**Supplied entries:**
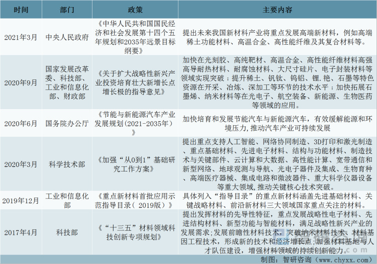 新材料行业部分政策
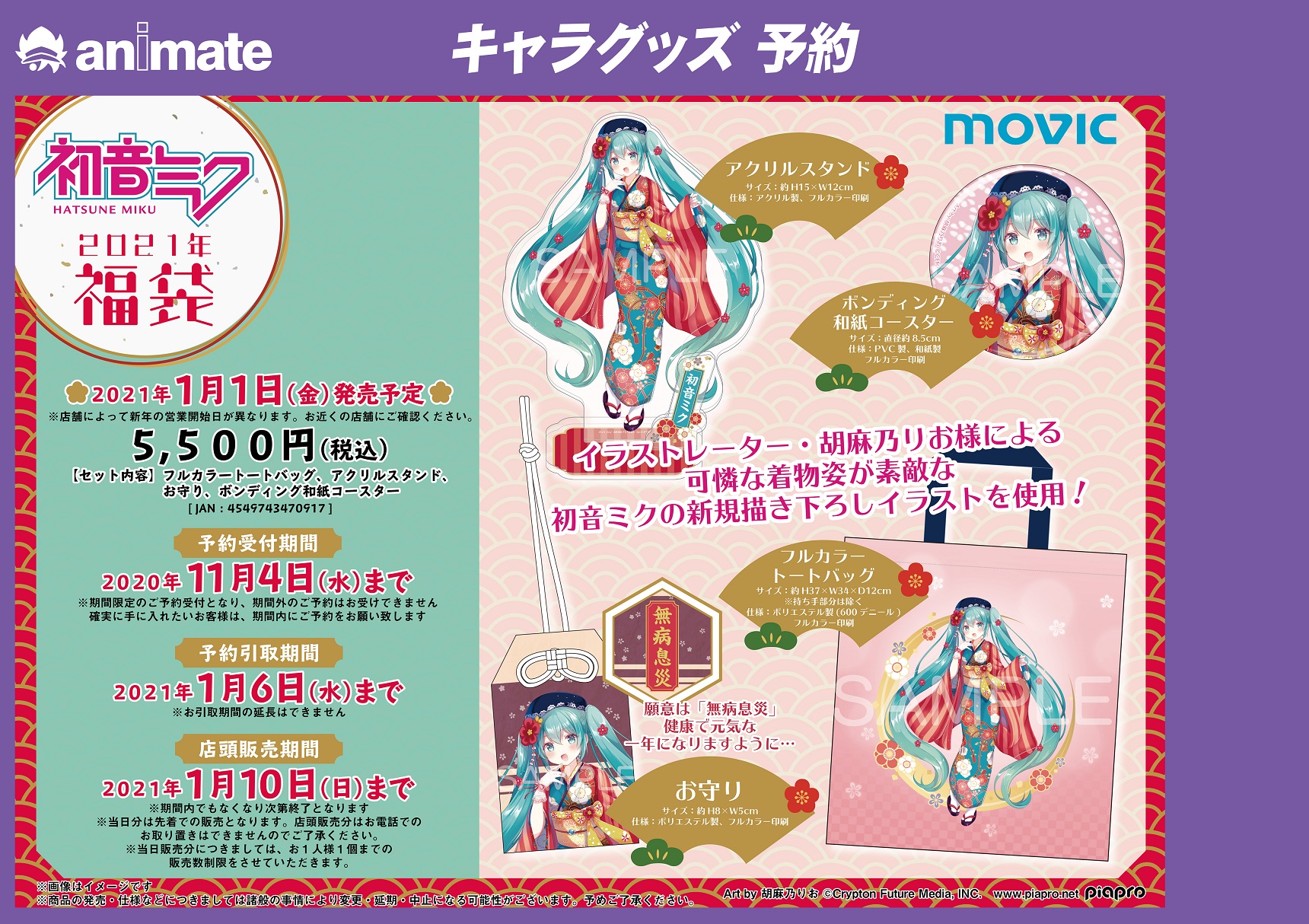 株式会社アニメイト 初音ミクシリーズ 福袋 21年 が予約受付中 イラストレーター 胡麻乃りお様 による可憐な着物姿が素敵な初音ミクの新規描き下ろしイラストを使用 予約販売分の受付は 11月4日 水 までです 詳細はこちら T Co
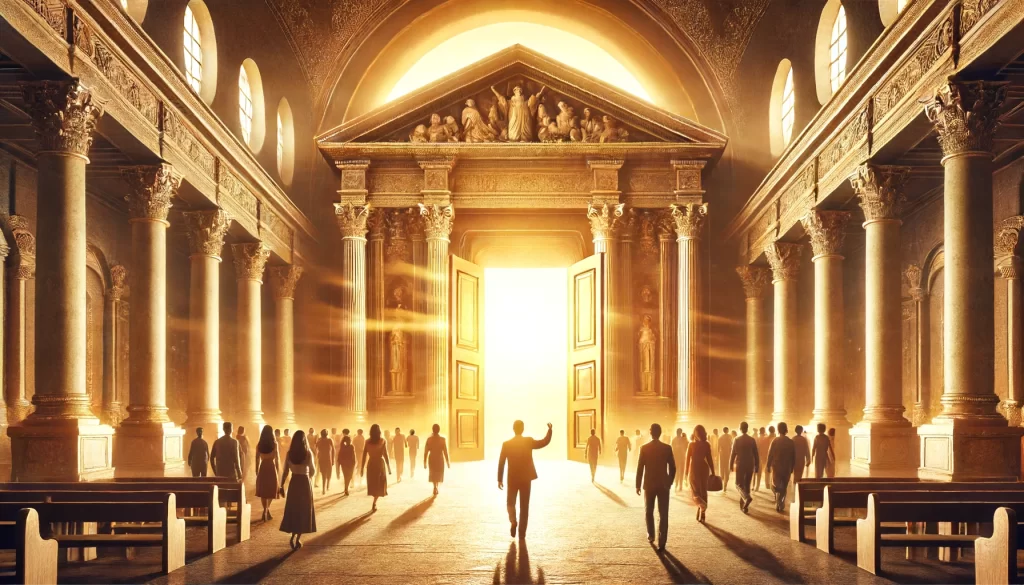 An ancient, grand sanctuary with an open door, bathed in warm, divine light.
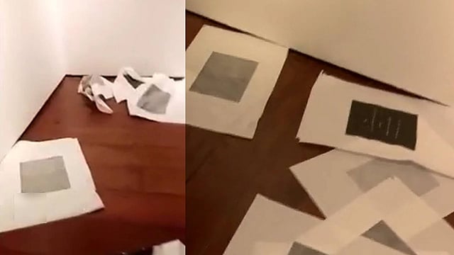 ഇന്നലെ വൈകിട്ട് ആറരയോടെയാണ് ഹനാൻ ബെനാമ്മറിന്റെ കലാസൃഷ്ടിയുടെ മലയാള പരിഭാഷ പോസ്റ്ററുകൾ കീറിയെറിഞ്ഞത്. കലാരംഗത്ത് പ്രവര്ത്തിക്കുന്ന ഹോചിമിനും, സുദാംശുവും ചേര്ന്ന് കലാസൃഷ്ടികൾ നശിപ്പിക്കുകയായിരുന്നു. കലാസൃഷ്ടികള് നശിപ്പിച്ചതിനെതിരെ വ്യാപക പ്രതിഷേധമാണ് ഉയരുന്നത്. നടന്നത് തനിക്ക് നേരെയുള്ള ആക്രമണം ആണെന്നും അക്കാദമിയുടെ തലപ്പത്ത് മുമ്പിരുന്നവരാണ് ഇതിന് പിന്നിലെന്നും ചെയർപേഴ്സൺ മുരളി ചീരത്ത് ന്യൂസ് മലയാളത്തോട് പറഞ്ഞു.
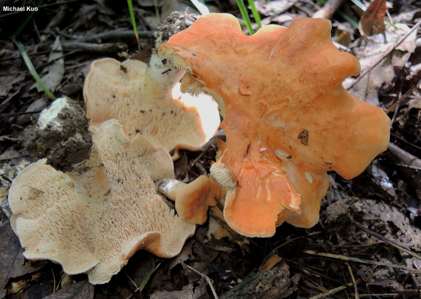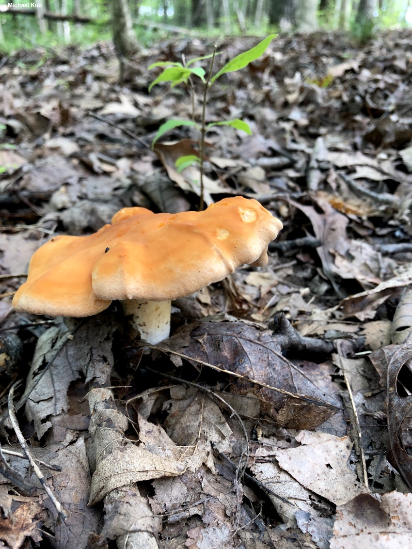Hydnum aerostatisporum [ Basidiomycota > Cantharellales > Hydnaceae > Hydnum ... ] by Michael Kuo Large and orange, with a stem that often darkens with age, Hydnum aerostatisporum is apparently common and widely distributed east of the Rocky Mountains in hardwood or mixed forests. It was originally described from Texas, but has since been documented in the Midwest, the southeastern United States, and Québec. It is one of several similar eastern North American species that are apparently less common and have more limited distribution (see Swenie and collaborators 2018). Under the microscope, Hydnum aerostatisporum has fat spores with tiny apiculi, leading to the Latin species name, since the authors of the species (Buyck and collaborators 2017) thought the spores looked like hot air balloons (aerostati-sporum = airship-spore). Hydnum subrufescens is a synonym, representing European semicolonialist taxonomy based on touristic collections made by Europeans visiting North America—who then neglected to study other, previous European semicolonialist taxonomy based on touristic collections made by Europeans visiting North America. I don't know if you can tell this, but I'm kinda sick of European mycologists trying to establish and describe North American species based on a few collections made on their vacations. (That said, I should add that many North American mycologists do basically the same thing to Central America, South America, and Africa . . . maybe I need to write an essay called "Mycocolonialism," and start with Linnaeus.) Description: Ecology: Mycorrhizal, probably with oaks and other hardwoods; recorded in various ecosystems, including hardwood and mixed hardwood-conifer forests; growing gregariously on the ground; summer and fall; widely distributed east of the Rocky Mountains. The illustrated and described collections are from Illinois. Cap: 3.5–13 cm wide; broadly convex, becoming planoconvex, flat, or shallowly centrally depressed; dry; bald, but often becoming cracked and subscaly with age; pastel orange when young, becoming orange to brownish orange; the margin becoming wavy and broadly lobed with age. Undersurface: Not running down the stem, or just beginning to do so; covered with densely packed, soft spines that are round in cross-section and measure 2–6 mm long; creamy to pale orangish; not bruising. Stem: 3–8 cm long; 2–3 cm thick; equal; dry; bald; pale orangish when young, but often becoming darker brownish orange with maturity; bruising brownish orange; sometimes with a whitish sheen or whitish patches in places. Flesh: Whitish; sometimes slowly orangish or brownish when sliced; brittle. Odor and Taste: Sweetish, not distinctive. Chemical Reactions: Ammonia flashing pink, then resolving to negative on cap surface. KOH negative on cap surface. Iron salts negative on cap, spines, and stem. Microscopic Features: Spores 6–8.5 x 6–7 µm; subglobose to broadly ellipsoid, with a small apiculus; smooth; hyaline in KOH. Basidia 4-sterigmate; 30–40 x 4–6 µm; subclavate. Pseudocystidia 30–36 x 2–7 µm; cylindric with rounded apices, or occasionally sublageniform; thin-walled; smooth; hyaline or with golden contents in KOH. Pileipellis not clearly differentiated; cap surface hyphae tangled, 3–8 µm wide, hyaline to ochraceous in KOH, with clamp connections. REFERENCES: B. Buyck, D. Lewis & V. Hofstetter, 2017. (Buyck et al., 2017; Niskanen et al., 2018; Swenie et al., 2018.) Herb. Kuo 09289621, 09181403, 08032004. This site contains no information about the edibility or toxicity of mushrooms. |

**Activity:** Nothing but the lines from the one containing "株式会社アニメイト 初音ミクシリーズ 福袋" through the one containing "ഇന്നലെ വൈകിട്ട് ആറരയോടെയാണ്" should appear, copied exactly from the material above and without pictures.

**Exercise response:**
 株式会社アニメイト 初音ミクシリーズ 福袋 21年 が予約受付中 イラストレーター 胡麻乃りお様 による可憐な着物姿が素敵な初音ミクの新規描き下ろしイラストを使用 予約販売分の受付は 11月4日 水 までです 詳細はこちら T Co
 An ancient, grand sanctuary with an open door, bathed in warm, divine light.
 ഇന്നലെ വൈകിട്ട് ആറരയോടെയാണ് ഹനാൻ ബെനാമ്മറിന്റെ കലാസൃഷ്ടിയുടെ മലയാള പരിഭാഷ പോസ്റ്ററുകൾ കീറിയെറിഞ്ഞത്. കലാരംഗത്ത് പ്രവര്ത്തിക്കുന്ന ഹോചിമിനും, സുദാംശുവും ചേര്ന്ന് കലാസൃഷ്ടികൾ നശിപ്പിക്കുകയായിരുന്നു. കലാസൃഷ്ടികള് നശിപ്പിച്ചതിനെതിരെ വ്യാപക പ്രതിഷേധമാണ് ഉയരുന്നത്. നടന്നത് തനിക്ക് നേരെയുള്ള ആക്രമണം ആണെന്നും അക്കാദമിയുടെ തലപ്പത്ത് മുമ്പിരുന്നവരാണ് ഇതിന് പിന്നിലെന്നും ചെയർപേഴ്സൺ മുരളി ചീരത്ത് ന്യൂസ് മലയാളത്തോട് പറഞ്ഞു.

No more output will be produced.